EXERCISE DIRECTIONS
Could the data below be retyped exactly, without its pictures?

COLLECTED MATERIAL
=== Begin Enclosure ===
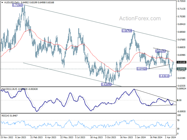 Intraday bias in AUD/USD remains on the upside for the moment. Sustained break of 55 D EMA (now at 0.6527) will argue that fall from 0.6870 has completed, and bring further rally to 0.6643 resistance next. On the downside, though, break of 0.6440 minor support will indicate rejection by 55 D EMA and retain near term bearishness. Retest of 0.6361 low should be seen next.
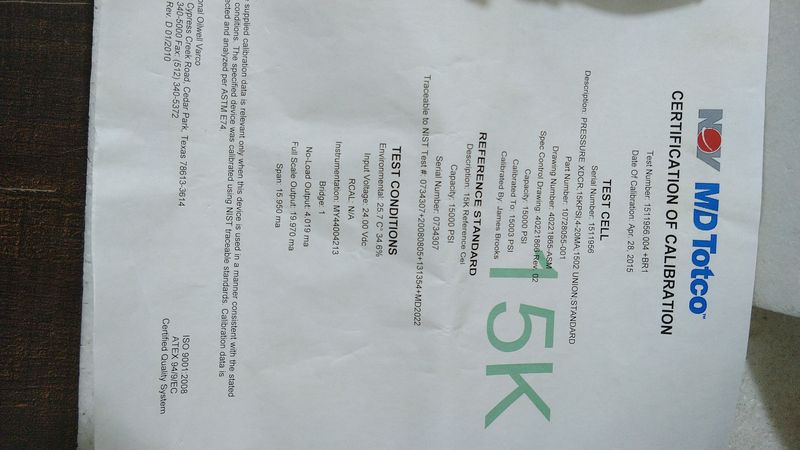 Nov MD Totco Pressure Transducer For Cement Uni 4-20mA 15000psi P/N-10728055-001
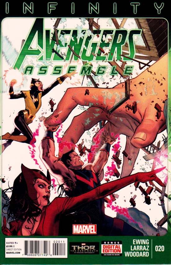 Infinity tie -in ... FEATURING THE UNCANNY AVENGERS! A giant naked man punches a Quinjet! An eight-year-old girl fights a centaur at the heart of an atom! Wonder Man's quest for peace! AND THAT'S JUST THE STUFF WE CAN TELL YOU ABOUT!
=== End Enclosure ===
EXPECTED ANSWER
 Intraday bias in AUD/USD remains on the upside for the moment. Sustained break of 55 D EMA (now at 0.6527) will argue that fall from 0.6870 has completed, and bring further rally to 0.6643 resistance next. On the downside, though, break of 0.6440 minor support will indicate rejection by 55 D EMA and retain near term bearishness. Retest of 0.6361 low should be seen next.
 Nov MD Totco Pressure Transducer For Cement Uni 4-20mA 15000psi P/N-10728055-001
 Infinity tie -in ... FEATURING THE UNCANNY AVENGERS! A giant naked man punches a Quinjet! An eight-year-old girl fights a centaur at the heart of an atom! Wonder Man's quest for peace! AND THAT'S JUST THE STUFF WE CAN TELL YOU ABOUT!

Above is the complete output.